FIRST: That the Board of Directors of said corporation, by written consent filed
with the minutes of the Board, adopted the following resolutions proposing and
declaring advisable the following amendments to the Certificate of Incorporation
of said corporation:

          "that Article FOURTH of the Company's Certificate of Incorporation be
     amended and, as amended, read as follows:

          `FOURTH: The total number of shares which the Corporation shall have
          the authority to issue is 65,000,000 shares, of which 40,000,000
          shares shall be common stock, with a par value of $.00001 per share
          (the "Common Stock") and 25,000,000 shares shall be preferred stock,
          with a par value of $.00001 per share (the "Preferred Stock").

          The Preferred Stock may be issued from time to time in one or more
          series with such designations, preferences and relative participating,
          optional or other special rights and qualifications, limitations or
          restrictions thereof, as shall be stated in the resolutions adopted by
          the Board of Directors (the "Board") providing for the issuance of
          such Preferred Stock or series thereof; and the Board is hereby vested
          with authority to fix such designations, preferences and relative
          participating, optional or other special rights or qualifications,
          limitations, or restrictions for each series, including, but not by
          way of limitation, the power to fix the redemption and liquidation
          preferences, the rate of dividends payable and the time for and the
          priority of payment thereof and to determine whether such dividends
          shall be cumulative or not and to provide for and fix the terms of
          conversion of such Preferred Stock or any series thereof into Common
          Stock of the Corporation and fix the voting Power, if any, of shares
          of Preferred Stock or any series thereof.'"

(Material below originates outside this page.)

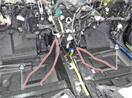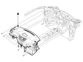 After loosening the bolts and nuts remove the main crash pad and cowl cross bar assembly (A) together.
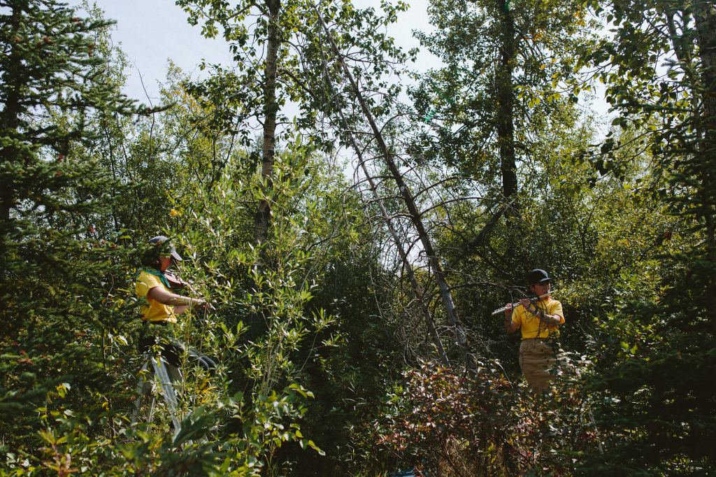 Who Cares? began their experimental classical performance perched on ladders, situated in the foliage just off the pathway on Elbow Island. As the performance unfolded, they began to traverse the landscape while playing – in recognition of the wandering nature of the event.

SECOND: That the foregoing Amendment made no change to the number of issued or
outstanding shares of the Company's Common Stock; That there are no shares of
the Company's Preferred Stock issued or outstanding as of the date of this
Amendment;






however, the Amendment does change the par value of the Common Stock from $0.10
par value per share to $.00001 par value per share and it does change the par
value of the Preferred Stock from $0.10 par value per share to $.00001 par value
per share

THIRD: That the aforesaid amendment was duly adopted in accordance with the
applicable provisions of section 242 of the General Corporation Law of the State
of Delaware by obtaining the written consent of the holders of the majority of
the stock of the Company entitled to vote at a meeting of Stockholders pursuant
to section 228 of the General Corporation Law of the State of Delaware.

          IN WITNESS WHEREOF, the Company has caused this Amendment to its
     Certificate of Incorporation to be signed by George W. Benoit, its
     president, as of the ___ day of April 2003.